- _What to do_
In the data below, find the line containing "Seamless pattern of" and the line containing "MP3/MP4(ทำนองเพลง) มาเล่นในเครื่องได้ ครับ", then reproduce them and every line between, exactly. Omit pictures.

- _Materials provided_
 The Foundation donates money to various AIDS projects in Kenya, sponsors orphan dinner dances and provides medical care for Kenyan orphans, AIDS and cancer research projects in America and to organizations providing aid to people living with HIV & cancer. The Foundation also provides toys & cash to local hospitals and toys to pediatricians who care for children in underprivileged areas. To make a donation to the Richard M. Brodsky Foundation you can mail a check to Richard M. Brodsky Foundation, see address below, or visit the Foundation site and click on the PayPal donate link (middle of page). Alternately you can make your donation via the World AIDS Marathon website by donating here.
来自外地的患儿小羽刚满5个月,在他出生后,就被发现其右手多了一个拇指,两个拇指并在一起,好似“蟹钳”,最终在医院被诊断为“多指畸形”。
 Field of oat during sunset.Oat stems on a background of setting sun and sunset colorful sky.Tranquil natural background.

...

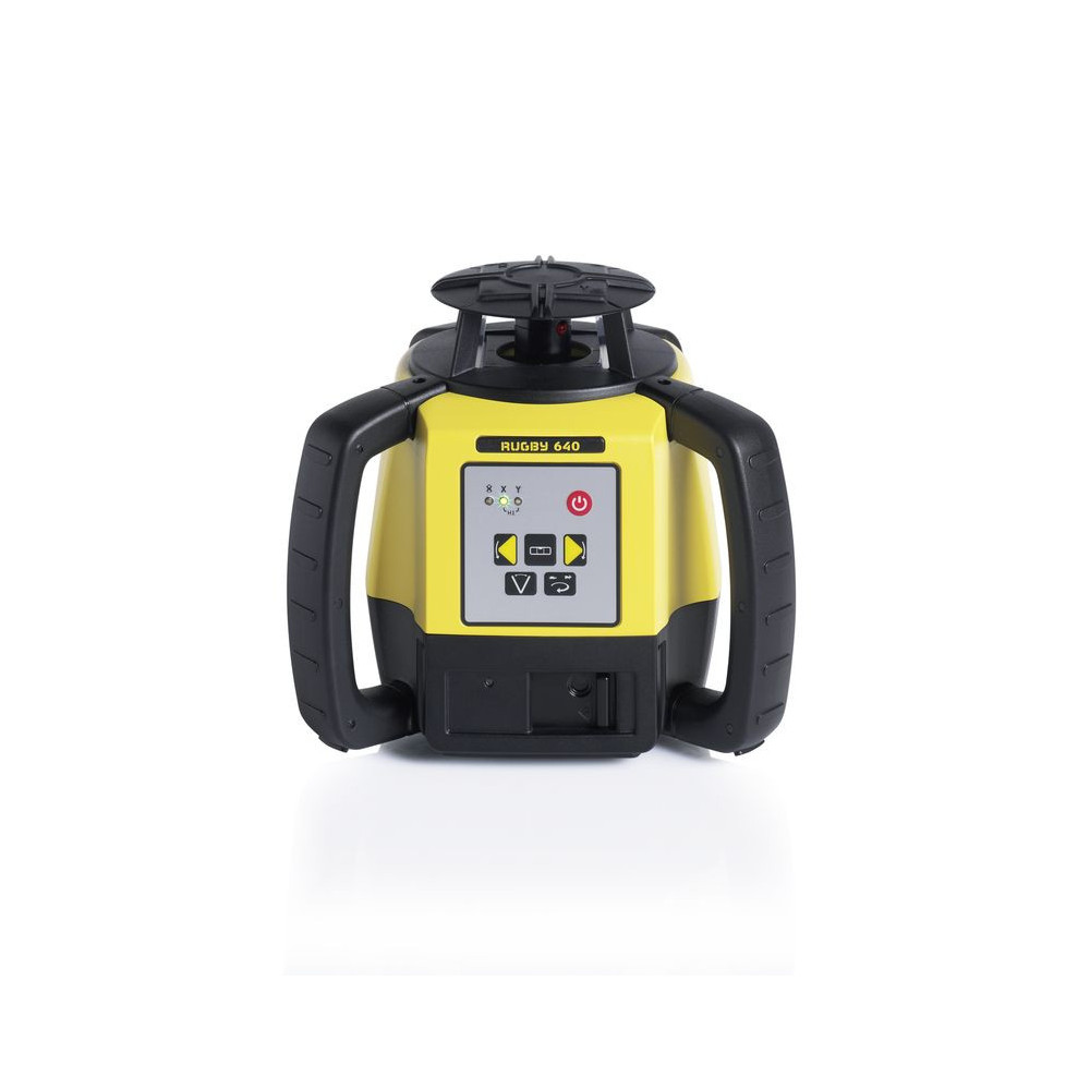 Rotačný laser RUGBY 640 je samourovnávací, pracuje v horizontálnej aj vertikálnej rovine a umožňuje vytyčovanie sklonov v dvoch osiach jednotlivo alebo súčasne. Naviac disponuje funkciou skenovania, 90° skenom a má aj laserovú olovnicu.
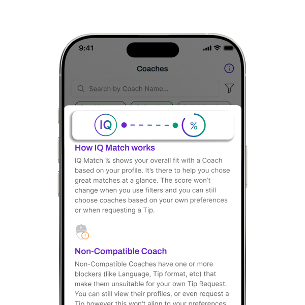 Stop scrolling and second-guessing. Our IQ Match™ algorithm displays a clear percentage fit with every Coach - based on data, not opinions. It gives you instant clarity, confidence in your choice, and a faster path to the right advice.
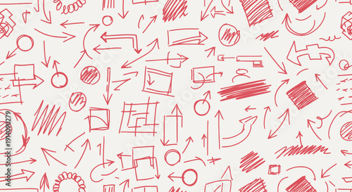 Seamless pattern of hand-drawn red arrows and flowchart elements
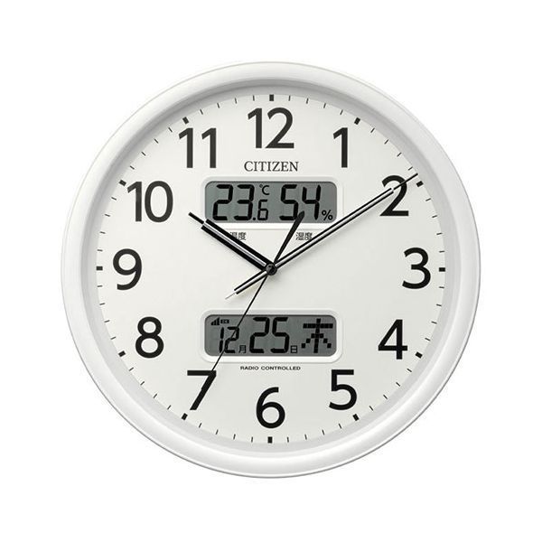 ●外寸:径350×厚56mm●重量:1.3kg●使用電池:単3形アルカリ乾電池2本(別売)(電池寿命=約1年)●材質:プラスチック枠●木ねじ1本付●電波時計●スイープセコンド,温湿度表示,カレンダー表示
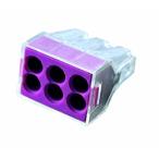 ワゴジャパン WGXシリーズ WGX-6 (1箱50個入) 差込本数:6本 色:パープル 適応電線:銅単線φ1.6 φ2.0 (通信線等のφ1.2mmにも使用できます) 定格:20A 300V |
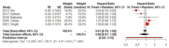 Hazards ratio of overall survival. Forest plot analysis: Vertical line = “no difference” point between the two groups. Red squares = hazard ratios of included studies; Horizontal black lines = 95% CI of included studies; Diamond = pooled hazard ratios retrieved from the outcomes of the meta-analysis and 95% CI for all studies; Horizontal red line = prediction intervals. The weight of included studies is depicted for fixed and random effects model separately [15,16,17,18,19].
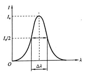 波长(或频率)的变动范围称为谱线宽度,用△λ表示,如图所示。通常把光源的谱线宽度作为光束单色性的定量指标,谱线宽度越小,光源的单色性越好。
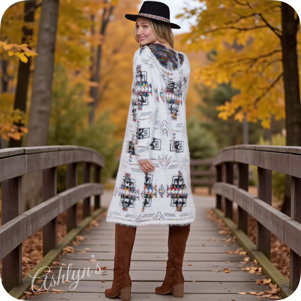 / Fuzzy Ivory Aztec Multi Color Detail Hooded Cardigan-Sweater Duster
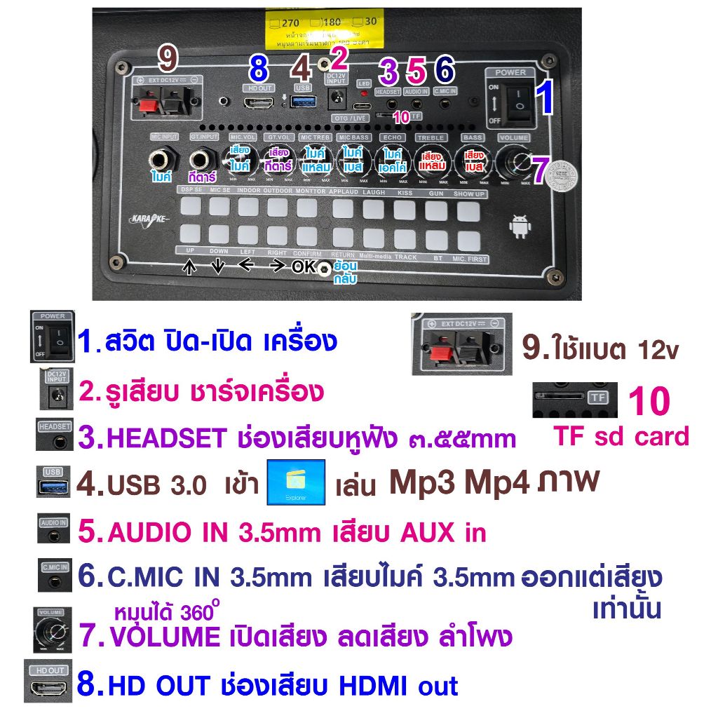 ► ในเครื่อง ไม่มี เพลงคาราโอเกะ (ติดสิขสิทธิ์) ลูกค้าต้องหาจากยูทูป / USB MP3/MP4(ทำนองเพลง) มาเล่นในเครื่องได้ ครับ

--

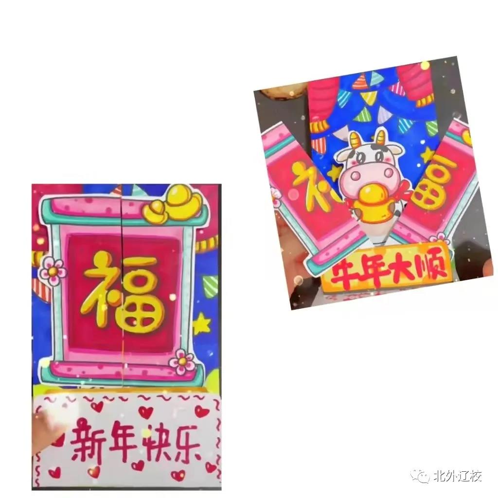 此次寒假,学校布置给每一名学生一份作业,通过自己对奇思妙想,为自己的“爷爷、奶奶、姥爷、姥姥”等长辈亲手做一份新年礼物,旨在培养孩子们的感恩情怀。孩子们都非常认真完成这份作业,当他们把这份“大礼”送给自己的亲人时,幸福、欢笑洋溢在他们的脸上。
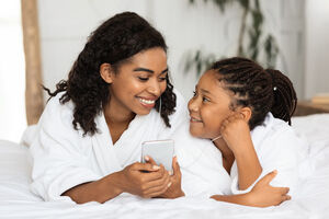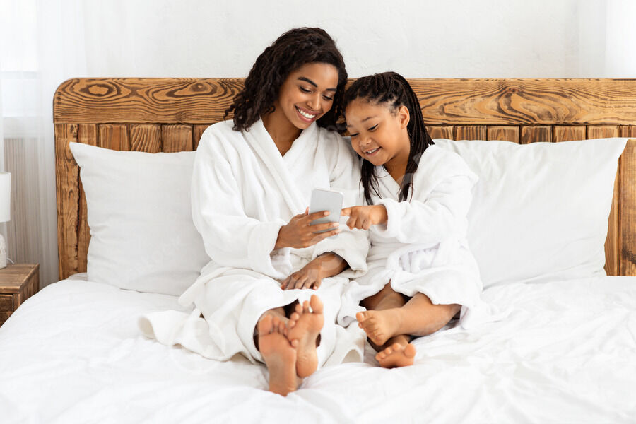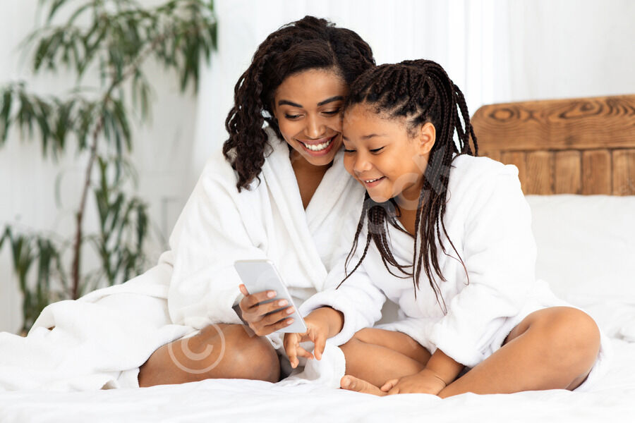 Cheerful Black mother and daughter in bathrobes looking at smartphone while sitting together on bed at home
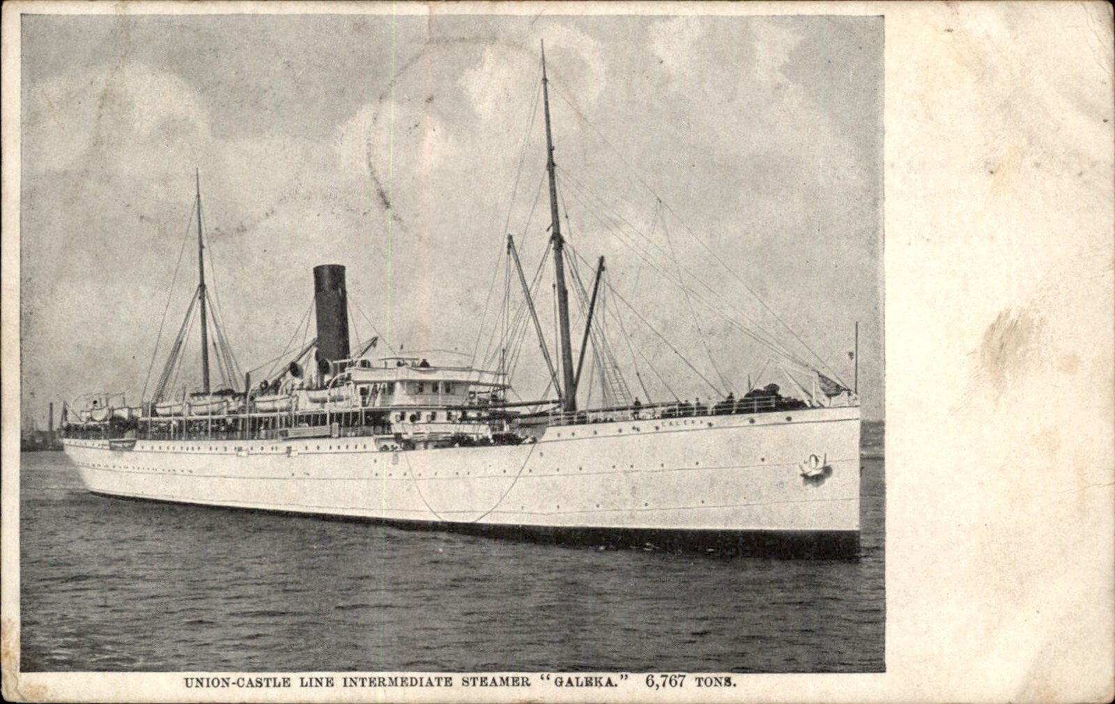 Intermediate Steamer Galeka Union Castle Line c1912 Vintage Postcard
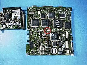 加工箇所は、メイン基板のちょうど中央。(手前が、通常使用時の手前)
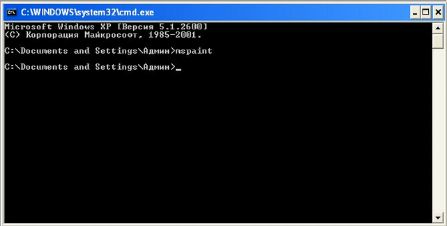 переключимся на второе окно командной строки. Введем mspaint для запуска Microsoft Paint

- _Expected answer_
 Seamless pattern of hand-drawn red arrows and flowchart elements
 ●外寸:径350×厚56mm●重量:1.3kg●使用電池:単3形アルカリ乾電池2本(別売)(電池寿命=約1年)●材質:プラスチック枠●木ねじ1本付●電波時計●スイープセコンド,温湿度表示,カレンダー表示
 ワゴジャパン WGXシリーズ WGX-6 (1箱50個入) 差込本数:6本 色:パープル 適応電線:銅単線φ1.6 φ2.0 (通信線等のφ1.2mmにも使用できます) 定格:20A 300V |
 Hazards ratio of overall survival. Forest plot analysis: Vertical line = “no difference” point between the two groups. Red squares = hazard ratios of included studies; Horizontal black lines = 95% CI of included studies; Diamond = pooled hazard ratios retrieved from the outcomes of the meta-analysis and 95% CI for all studies; Horizontal red line = prediction intervals. The weight of included studies is depicted for fixed and random effects model separately [15,16,17,18,19].
 波长(或频率)的变动范围称为谱线宽度,用△λ表示,如图所示。通常把光源的谱线宽度作为光束单色性的定量指标,谱线宽度越小,光源的单色性越好。
 / Fuzzy Ivory Aztec Multi Color Detail Hooded Cardigan-Sweater Duster
 ► ในเครื่อง ไม่มี เพลงคาราโอเกะ (ติดสิขสิทธิ์) ลูกค้าต้องหาจากยูทูป / USB MP3/MP4(ทำนองเพลง) มาเล่นในเครื่องได้ ครับ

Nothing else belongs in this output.